■ **Exercise instructions**
Would you retype exactly the lines below, starting with the one that has "Attribution de comptes AbaSalary" and going on through the one that has "1、打开【江苏健康通】,在首", with no pictures and nothing else?

■ **Supplied information**
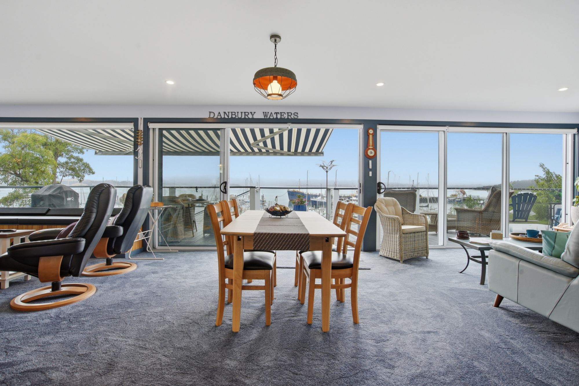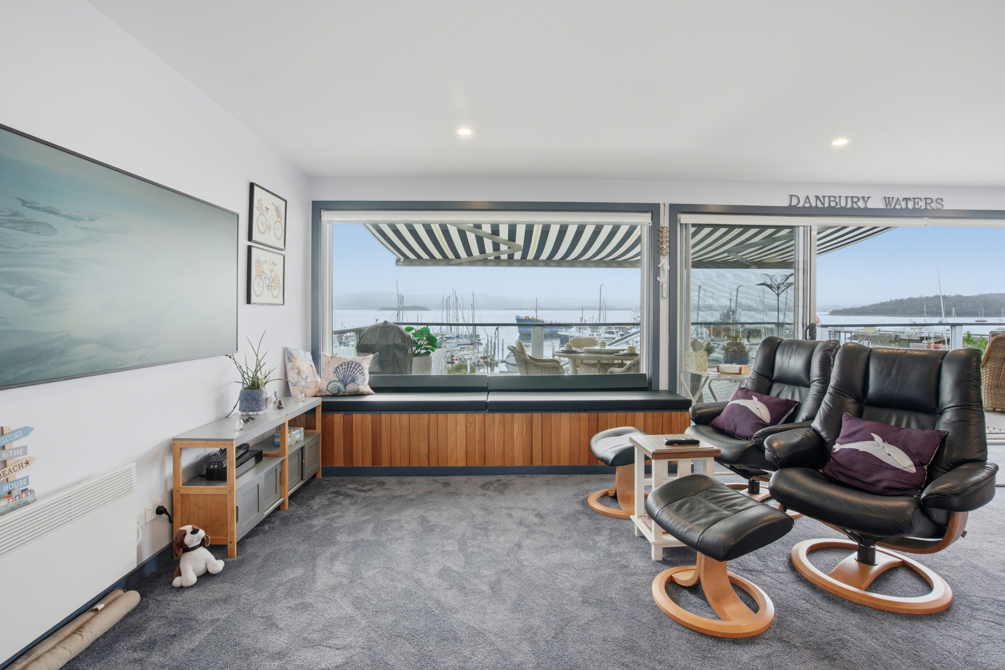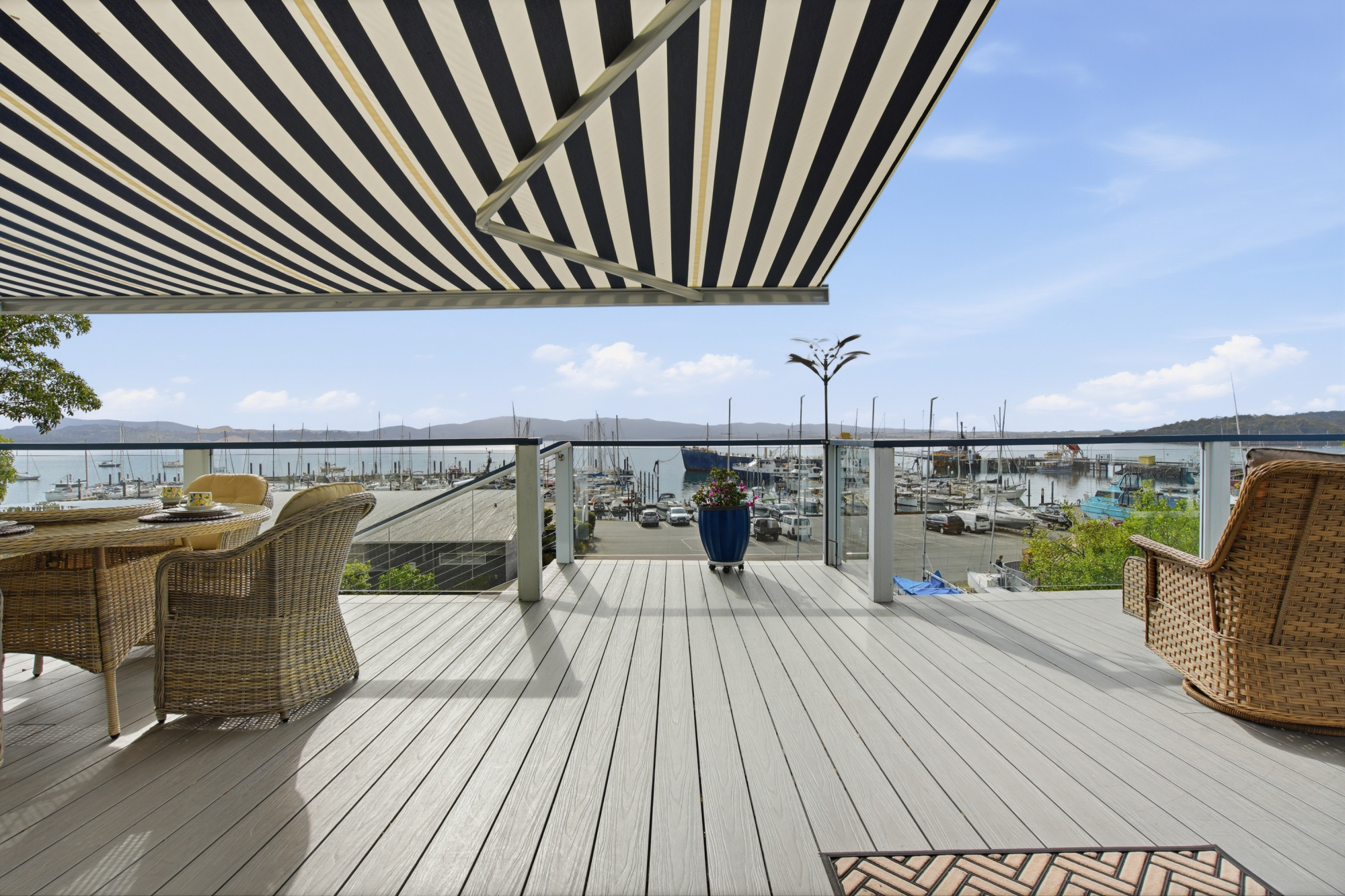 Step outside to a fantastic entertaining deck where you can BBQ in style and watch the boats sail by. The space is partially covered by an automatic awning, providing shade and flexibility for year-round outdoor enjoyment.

==

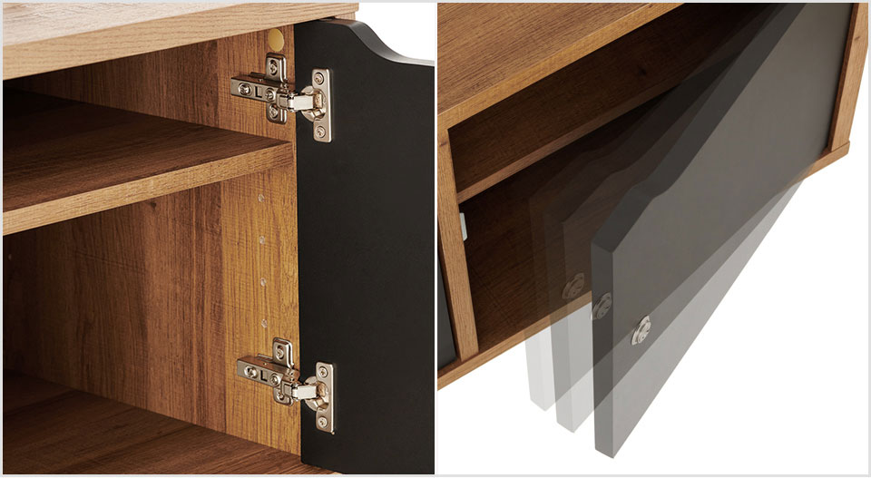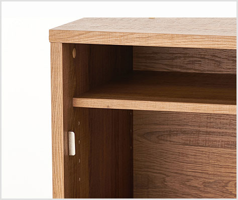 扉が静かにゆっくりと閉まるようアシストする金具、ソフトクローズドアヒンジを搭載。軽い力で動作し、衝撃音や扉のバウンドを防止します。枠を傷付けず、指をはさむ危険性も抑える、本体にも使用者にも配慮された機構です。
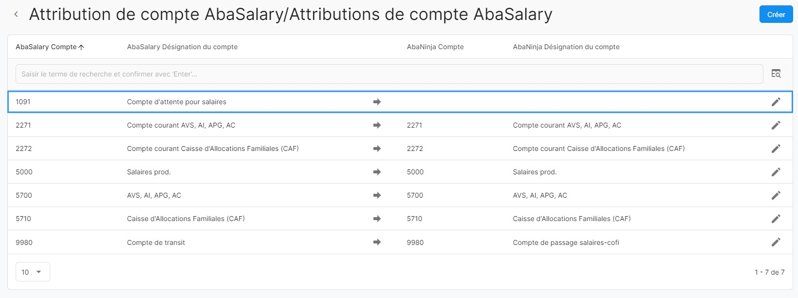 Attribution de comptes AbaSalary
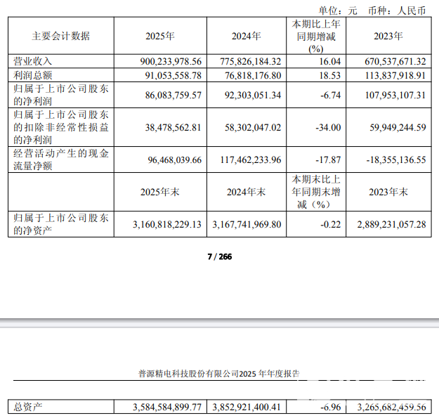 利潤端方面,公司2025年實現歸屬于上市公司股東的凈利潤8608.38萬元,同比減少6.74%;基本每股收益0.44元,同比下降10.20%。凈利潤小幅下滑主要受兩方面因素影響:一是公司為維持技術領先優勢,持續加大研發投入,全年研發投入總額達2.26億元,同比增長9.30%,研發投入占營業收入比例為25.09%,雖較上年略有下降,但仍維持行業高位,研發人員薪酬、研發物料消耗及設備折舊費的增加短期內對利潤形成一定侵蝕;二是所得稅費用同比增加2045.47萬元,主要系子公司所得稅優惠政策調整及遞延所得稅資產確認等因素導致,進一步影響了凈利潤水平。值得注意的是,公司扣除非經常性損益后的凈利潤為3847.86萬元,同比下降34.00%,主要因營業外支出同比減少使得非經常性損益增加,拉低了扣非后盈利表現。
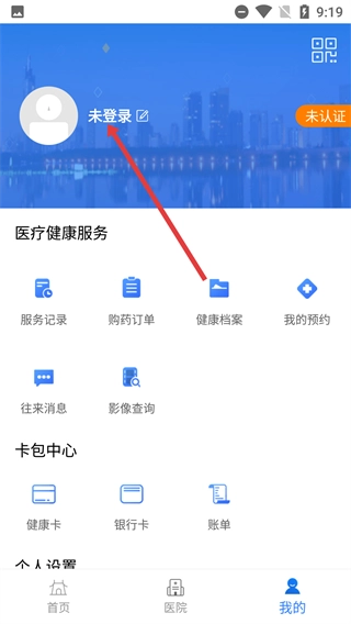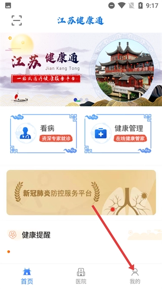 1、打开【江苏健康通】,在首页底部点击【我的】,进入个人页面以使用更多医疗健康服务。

■ **Answer**
 Attribution de comptes AbaSalary
 利潤端方面,公司2025年實現歸屬于上市公司股東的凈利潤8608.38萬元,同比減少6.74%;基本每股收益0.44元,同比下降10.20%。凈利潤小幅下滑主要受兩方面因素影響:一是公司為維持技術領先優勢,持續加大研發投入,全年研發投入總額達2.26億元,同比增長9.30%,研發投入占營業收入比例為25.09%,雖較上年略有下降,但仍維持行業高位,研發人員薪酬、研發物料消耗及設備折舊費的增加短期內對利潤形成一定侵蝕;二是所得稅費用同比增加2045.47萬元,主要系子公司所得稅優惠政策調整及遞延所得稅資產確認等因素導致,進一步影響了凈利潤水平。值得注意的是,公司扣除非經常性損益后的凈利潤為3847.86萬元,同比下降34.00%,主要因營業外支出同比減少使得非經常性損益增加,拉低了扣非后盈利表現。
 1、打开【江苏健康通】,在首页底部点击【我的】,进入个人页面以使用更多医疗健康服务。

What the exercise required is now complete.